Skip site navigation (1) Skip section navigation (2)

Re: Bug? 8.0 does not use partial index

From: Palle Girgensohn <girgen(at)pingpong(dot)net>
To: Tom Lane <tgl(at)sss(dot)pgh(dot)pa(dot)us>
Cc: John Hansen <john(at)geeknet(dot)com(dot)au>, pgsql-hackers(at)postgreSQL(dot)org
Subject: Re: Bug? 8.0 does not use partial index
Date: 2005-01-14 00:41:46
Message-ID: C475FCAB18F868ED1CE84261@palle.girgensohn.se (view raw or flat)
Thread:
Lists: pgsql-hackers
--On torsdag, januari 13, 2005 18.55.11 -0500 Tom Lane <tgl(at)sss(dot)pgh(dot)pa(dot)us> 
wrote:

> Palle Girgensohn <girgen(at)pingpong(dot)net> writes:
>> --On torsdag, januari 13, 2005 18.18.37 -0500 Tom Lane
>> <tgl(at)sss(dot)pgh(dot)pa(dot)us>  wrote:
>>> So there's something nuts about the statistics in this case.
>
> On looking into it, it's the same old issue of not having column
> correlation statistics.  pg_stats shows that ANALYZE estimated the
> fraction of rows with null group_id as 0.137667 (versus exact value
> of 0.147, not too bad considering I used the default statistics target)
> and it estimated the fraction with this_group_id = 46 as 0.358
> (vs actual 0.369, ditto).  The problem is that it then estimates the
> total selectivity as 0.137667 * 0.358 or a bit under 5%, much too high
> to make an indexscan sensible.  In reality there are only 4 rows with
> this combination of values, but the planner has no way to know that.
>
>> Anything I can do about it?
>
> I thought of a fairly miserable hack, which relies on the fact that 8.0
> does know how to accumulate statistics on functional indexes:
>
> group=# create index fooi on group_data (abs(this_group_id)) WHERE
> group_id IS NULL; CREATE INDEX
> group=# analyze group_data;
> ANALYZE
> group=# explain select * from group_data where group_id is null and
> abs(this_group_id) = 46;                                   QUERY PLAN
> -------------------------------------------------------------------------
> -----  Index Scan using fooi on group_data  (cost=0.00..5302.60 rows=1802
> width=42)    Index Cond: (abs(this_group_id) = 46)
>    Filter: (group_id IS NULL)
> (3 rows)
>
> (The choice of abs() is arbitrary, it just has to be something other
> than the unadorned column.)  In this situation the planner will look at
> the stats for the functional index and discover that in that index there
> aren't many 46's, so it comes out with a more reasonable rowcount
> estimate.

OK, I think I understand. And this is changed between 7.4.x and 8.0?

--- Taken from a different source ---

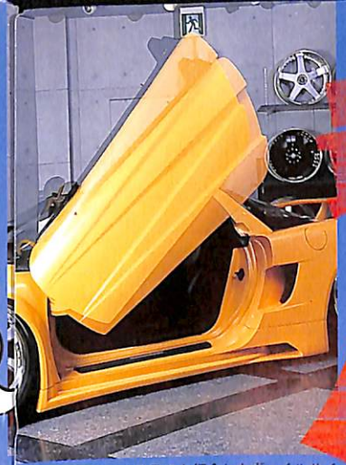
3月号でも紹介したウェールサイドのミスティ・NSXに、エアシリンダーを使った自動開閉システムが装備された! インパクト激甚!!

> We should probably make it accumulate stats on partial indexes even when
> the index columns aren't expressions.  This example shows that useful
> stats can be derived that way.  Too late for 8.0 though...

True, but for next version, perhaps? :)

Trying all this out, I realize that on 7.4.5, I can sometimes get different 
results after `vacuum analyze' vs. a plain `analyze' (again, not exactly 
the same data, and I cannot reproduce this on the other machine with the 
data I sent you). It does not really relate to the question above, but 
perhaps you can explain how come I get different results?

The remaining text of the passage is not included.